> [WORK TO COMPLETE] Whatever appears in the listing must be reproduced exactly.
++++
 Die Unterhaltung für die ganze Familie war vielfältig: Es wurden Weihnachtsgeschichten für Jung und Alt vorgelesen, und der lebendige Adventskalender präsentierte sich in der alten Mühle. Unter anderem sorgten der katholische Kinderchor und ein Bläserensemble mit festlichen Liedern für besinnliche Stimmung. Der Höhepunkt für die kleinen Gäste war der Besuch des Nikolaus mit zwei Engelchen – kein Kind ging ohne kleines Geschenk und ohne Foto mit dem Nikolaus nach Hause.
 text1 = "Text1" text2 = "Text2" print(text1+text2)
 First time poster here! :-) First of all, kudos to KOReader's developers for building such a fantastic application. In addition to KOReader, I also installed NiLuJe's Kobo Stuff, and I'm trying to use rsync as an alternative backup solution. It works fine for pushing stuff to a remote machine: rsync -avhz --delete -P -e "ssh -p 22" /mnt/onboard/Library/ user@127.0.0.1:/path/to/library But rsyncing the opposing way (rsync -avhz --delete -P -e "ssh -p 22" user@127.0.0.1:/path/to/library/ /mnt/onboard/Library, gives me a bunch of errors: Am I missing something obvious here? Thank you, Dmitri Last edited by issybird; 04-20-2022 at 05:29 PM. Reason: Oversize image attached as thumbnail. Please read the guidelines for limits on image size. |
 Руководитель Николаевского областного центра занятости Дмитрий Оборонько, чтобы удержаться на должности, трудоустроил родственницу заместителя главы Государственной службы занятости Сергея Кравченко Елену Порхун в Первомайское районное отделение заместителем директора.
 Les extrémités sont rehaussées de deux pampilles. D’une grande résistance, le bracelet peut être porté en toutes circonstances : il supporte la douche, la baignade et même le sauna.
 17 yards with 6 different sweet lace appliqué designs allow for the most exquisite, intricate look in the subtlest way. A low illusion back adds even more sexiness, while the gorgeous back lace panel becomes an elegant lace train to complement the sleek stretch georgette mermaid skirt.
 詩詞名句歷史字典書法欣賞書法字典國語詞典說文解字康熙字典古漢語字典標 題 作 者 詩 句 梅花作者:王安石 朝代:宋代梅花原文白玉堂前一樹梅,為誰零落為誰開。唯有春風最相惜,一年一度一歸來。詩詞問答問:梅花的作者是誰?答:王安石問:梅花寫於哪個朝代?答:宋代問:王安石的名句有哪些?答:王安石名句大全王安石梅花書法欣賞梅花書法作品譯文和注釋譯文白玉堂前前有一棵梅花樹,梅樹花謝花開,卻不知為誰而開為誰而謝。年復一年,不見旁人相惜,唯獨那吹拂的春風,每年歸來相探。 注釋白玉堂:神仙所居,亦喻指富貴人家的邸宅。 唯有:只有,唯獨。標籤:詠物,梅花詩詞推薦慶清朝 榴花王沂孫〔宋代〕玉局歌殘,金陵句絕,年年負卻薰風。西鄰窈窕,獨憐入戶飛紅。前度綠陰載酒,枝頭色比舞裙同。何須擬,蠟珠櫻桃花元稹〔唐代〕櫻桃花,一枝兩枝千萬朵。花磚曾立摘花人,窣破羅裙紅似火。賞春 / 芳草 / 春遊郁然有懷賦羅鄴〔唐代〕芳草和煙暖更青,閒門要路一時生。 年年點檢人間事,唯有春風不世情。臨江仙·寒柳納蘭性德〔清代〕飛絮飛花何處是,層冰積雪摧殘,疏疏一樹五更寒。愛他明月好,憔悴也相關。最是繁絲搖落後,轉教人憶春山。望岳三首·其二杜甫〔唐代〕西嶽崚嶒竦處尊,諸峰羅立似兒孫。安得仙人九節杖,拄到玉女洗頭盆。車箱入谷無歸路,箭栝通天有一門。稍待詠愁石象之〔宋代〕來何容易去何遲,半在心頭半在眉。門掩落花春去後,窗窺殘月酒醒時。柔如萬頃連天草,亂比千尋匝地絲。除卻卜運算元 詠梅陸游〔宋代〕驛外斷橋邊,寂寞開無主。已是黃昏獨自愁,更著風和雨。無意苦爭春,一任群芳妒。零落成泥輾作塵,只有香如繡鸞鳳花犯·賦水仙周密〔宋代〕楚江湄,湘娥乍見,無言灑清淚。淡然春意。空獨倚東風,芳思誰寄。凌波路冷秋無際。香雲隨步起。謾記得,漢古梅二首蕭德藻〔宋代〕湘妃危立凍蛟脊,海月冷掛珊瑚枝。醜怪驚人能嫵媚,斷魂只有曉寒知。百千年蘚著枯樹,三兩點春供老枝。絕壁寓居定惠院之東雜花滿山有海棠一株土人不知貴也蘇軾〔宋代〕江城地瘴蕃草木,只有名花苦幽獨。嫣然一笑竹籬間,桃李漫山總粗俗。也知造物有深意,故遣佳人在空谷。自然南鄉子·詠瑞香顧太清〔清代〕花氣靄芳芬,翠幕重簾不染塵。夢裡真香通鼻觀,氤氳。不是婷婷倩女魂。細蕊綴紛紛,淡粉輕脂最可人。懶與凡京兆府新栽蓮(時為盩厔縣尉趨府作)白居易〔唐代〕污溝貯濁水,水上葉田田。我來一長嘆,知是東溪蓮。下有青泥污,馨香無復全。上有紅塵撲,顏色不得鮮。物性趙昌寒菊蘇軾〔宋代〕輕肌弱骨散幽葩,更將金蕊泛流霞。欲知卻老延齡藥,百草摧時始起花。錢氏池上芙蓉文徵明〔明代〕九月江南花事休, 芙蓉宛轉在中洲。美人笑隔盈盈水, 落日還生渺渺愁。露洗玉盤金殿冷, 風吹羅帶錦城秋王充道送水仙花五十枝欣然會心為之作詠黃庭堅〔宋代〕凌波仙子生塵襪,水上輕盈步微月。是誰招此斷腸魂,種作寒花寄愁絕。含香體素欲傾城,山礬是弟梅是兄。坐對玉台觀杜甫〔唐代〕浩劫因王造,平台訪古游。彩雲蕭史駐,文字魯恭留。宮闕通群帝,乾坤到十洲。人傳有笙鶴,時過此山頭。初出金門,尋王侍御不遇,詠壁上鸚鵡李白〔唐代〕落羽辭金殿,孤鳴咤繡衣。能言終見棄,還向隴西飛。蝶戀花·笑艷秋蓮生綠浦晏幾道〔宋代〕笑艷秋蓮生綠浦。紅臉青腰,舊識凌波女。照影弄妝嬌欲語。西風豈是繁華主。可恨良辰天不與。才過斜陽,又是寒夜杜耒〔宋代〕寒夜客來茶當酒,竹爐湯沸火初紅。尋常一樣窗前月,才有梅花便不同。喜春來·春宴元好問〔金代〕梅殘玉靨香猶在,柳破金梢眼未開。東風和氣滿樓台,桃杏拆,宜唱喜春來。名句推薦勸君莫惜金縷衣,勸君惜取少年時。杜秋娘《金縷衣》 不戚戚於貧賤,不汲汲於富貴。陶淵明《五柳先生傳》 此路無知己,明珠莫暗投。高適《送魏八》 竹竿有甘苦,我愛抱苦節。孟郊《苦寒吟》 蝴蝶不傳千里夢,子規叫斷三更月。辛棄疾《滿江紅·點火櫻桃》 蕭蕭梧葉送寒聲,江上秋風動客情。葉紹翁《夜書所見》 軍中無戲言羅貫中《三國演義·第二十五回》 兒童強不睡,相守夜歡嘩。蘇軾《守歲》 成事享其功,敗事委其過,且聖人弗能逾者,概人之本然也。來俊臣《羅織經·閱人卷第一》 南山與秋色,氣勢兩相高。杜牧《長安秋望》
++++
> [SOLUTION FOR THIS EXERCISE]
 Die Unterhaltung für die ganze Familie war vielfältig: Es wurden Weihnachtsgeschichten für Jung und Alt vorgelesen, und der lebendige Adventskalender präsentierte sich in der alten Mühle. Unter anderem sorgten der katholische Kinderchor und ein Bläserensemble mit festlichen Liedern für besinnliche Stimmung. Der Höhepunkt für die kleinen Gäste war der Besuch des Nikolaus mit zwei Engelchen – kein Kind ging ohne kleines Geschenk und ohne Foto mit dem Nikolaus nach Hause.
 text1 = "Text1" text2 = "Text2" print(text1+text2)
 First time poster here! :-) First of all, kudos to KOReader's developers for building such a fantastic application. In addition to KOReader, I also installed NiLuJe's Kobo Stuff, and I'm trying to use rsync as an alternative backup solution. It works fine for pushing stuff to a remote machine: rsync -avhz --delete -P -e "ssh -p 22" /mnt/onboard/Library/ user@127.0.0.1:/path/to/library But rsyncing the opposing way (rsync -avhz --delete -P -e "ssh -p 22" user@127.0.0.1:/path/to/library/ /mnt/onboard/Library, gives me a bunch of errors: Am I missing something obvious here? Thank you, Dmitri Last edited by issybird; 04-20-2022 at 05:29 PM. Reason: Oversize image attached as thumbnail. Please read the guidelines for limits on image size. |
 Руководитель Николаевского областного центра занятости Дмитрий Оборонько, чтобы удержаться на должности, трудоустроил родственницу заместителя главы Государственной службы занятости Сергея Кравченко Елену Порхун в Первомайское районное отделение заместителем директора.
 Les extrémités sont rehaussées de deux pampilles. D’une grande résistance, le bracelet peut être porté en toutes circonstances : il supporte la douche, la baignade et même le sauna.
 17 yards with 6 different sweet lace appliqué designs allow for the most exquisite, intricate look in the subtlest way. A low illusion back adds even more sexiness, while the gorgeous back lace panel becomes an elegant lace train to complement the sleek stretch georgette mermaid skirt.
 詩詞名句歷史字典書法欣賞書法字典國語詞典說文解字康熙字典古漢語字典標 題 作 者 詩 句 梅花作者:王安石 朝代:宋代梅花原文白玉堂前一樹梅,為誰零落為誰開。唯有春風最相惜,一年一度一歸來。詩詞問答問:梅花的作者是誰?答:王安石問:梅花寫於哪個朝代?答:宋代問:王安石的名句有哪些?答:王安石名句大全王安石梅花書法欣賞梅花書法作品譯文和注釋譯文白玉堂前前有一棵梅花樹,梅樹花謝花開,卻不知為誰而開為誰而謝。年復一年,不見旁人相惜,唯獨那吹拂的春風,每年歸來相探。 注釋白玉堂:神仙所居,亦喻指富貴人家的邸宅。 唯有:只有,唯獨。標籤:詠物,梅花詩詞推薦慶清朝 榴花王沂孫〔宋代〕玉局歌殘,金陵句絕,年年負卻薰風。西鄰窈窕,獨憐入戶飛紅。前度綠陰載酒,枝頭色比舞裙同。何須擬,蠟珠櫻桃花元稹〔唐代〕櫻桃花,一枝兩枝千萬朵。花磚曾立摘花人,窣破羅裙紅似火。賞春 / 芳草 / 春遊郁然有懷賦羅鄴〔唐代〕芳草和煙暖更青,閒門要路一時生。 年年點檢人間事,唯有春風不世情。臨江仙·寒柳納蘭性德〔清代〕飛絮飛花何處是,層冰積雪摧殘,疏疏一樹五更寒。愛他明月好,憔悴也相關。最是繁絲搖落後,轉教人憶春山。望岳三首·其二杜甫〔唐代〕西嶽崚嶒竦處尊,諸峰羅立似兒孫。安得仙人九節杖,拄到玉女洗頭盆。車箱入谷無歸路,箭栝通天有一門。稍待詠愁石象之〔宋代〕來何容易去何遲,半在心頭半在眉。門掩落花春去後,窗窺殘月酒醒時。柔如萬頃連天草,亂比千尋匝地絲。除卻卜運算元 詠梅陸游〔宋代〕驛外斷橋邊,寂寞開無主。已是黃昏獨自愁,更著風和雨。無意苦爭春,一任群芳妒。零落成泥輾作塵,只有香如繡鸞鳳花犯·賦水仙周密〔宋代〕楚江湄,湘娥乍見,無言灑清淚。淡然春意。空獨倚東風,芳思誰寄。凌波路冷秋無際。香雲隨步起。謾記得,漢古梅二首蕭德藻〔宋代〕湘妃危立凍蛟脊,海月冷掛珊瑚枝。醜怪驚人能嫵媚,斷魂只有曉寒知。百千年蘚著枯樹,三兩點春供老枝。絕壁寓居定惠院之東雜花滿山有海棠一株土人不知貴也蘇軾〔宋代〕江城地瘴蕃草木,只有名花苦幽獨。嫣然一笑竹籬間,桃李漫山總粗俗。也知造物有深意,故遣佳人在空谷。自然南鄉子·詠瑞香顧太清〔清代〕花氣靄芳芬,翠幕重簾不染塵。夢裡真香通鼻觀,氤氳。不是婷婷倩女魂。細蕊綴紛紛,淡粉輕脂最可人。懶與凡京兆府新栽蓮(時為盩厔縣尉趨府作)白居易〔唐代〕污溝貯濁水,水上葉田田。我來一長嘆,知是東溪蓮。下有青泥污,馨香無復全。上有紅塵撲,顏色不得鮮。物性趙昌寒菊蘇軾〔宋代〕輕肌弱骨散幽葩,更將金蕊泛流霞。欲知卻老延齡藥,百草摧時始起花。錢氏池上芙蓉文徵明〔明代〕九月江南花事休, 芙蓉宛轉在中洲。美人笑隔盈盈水, 落日還生渺渺愁。露洗玉盤金殿冷, 風吹羅帶錦城秋王充道送水仙花五十枝欣然會心為之作詠黃庭堅〔宋代〕凌波仙子生塵襪,水上輕盈步微月。是誰招此斷腸魂,種作寒花寄愁絕。含香體素欲傾城,山礬是弟梅是兄。坐對玉台觀杜甫〔唐代〕浩劫因王造,平台訪古游。彩雲蕭史駐,文字魯恭留。宮闕通群帝,乾坤到十洲。人傳有笙鶴,時過此山頭。初出金門,尋王侍御不遇,詠壁上鸚鵡李白〔唐代〕落羽辭金殿,孤鳴咤繡衣。能言終見棄,還向隴西飛。蝶戀花·笑艷秋蓮生綠浦晏幾道〔宋代〕笑艷秋蓮生綠浦。紅臉青腰,舊識凌波女。照影弄妝嬌欲語。西風豈是繁華主。可恨良辰天不與。才過斜陽,又是寒夜杜耒〔宋代〕寒夜客來茶當酒,竹爐湯沸火初紅。尋常一樣窗前月,才有梅花便不同。喜春來·春宴元好問〔金代〕梅殘玉靨香猶在,柳破金梢眼未開。東風和氣滿樓台,桃杏拆,宜唱喜春來。名句推薦勸君莫惜金縷衣,勸君惜取少年時。杜秋娘《金縷衣》 不戚戚於貧賤,不汲汲於富貴。陶淵明《五柳先生傳》 此路無知己,明珠莫暗投。高適《送魏八》 竹竿有甘苦,我愛抱苦節。孟郊《苦寒吟》 蝴蝶不傳千里夢,子規叫斷三更月。辛棄疾《滿江紅·點火櫻桃》 蕭蕭梧葉送寒聲,江上秋風動客情。葉紹翁《夜書所見》 軍中無戲言羅貫中《三國演義·第二十五回》 兒童強不睡,相守夜歡嘩。蘇軾《守歲》 成事享其功,敗事委其過,且聖人弗能逾者,概人之本然也。來俊臣《羅織經·閱人卷第一》 南山與秋色,氣勢兩相高。杜牧《長安秋望》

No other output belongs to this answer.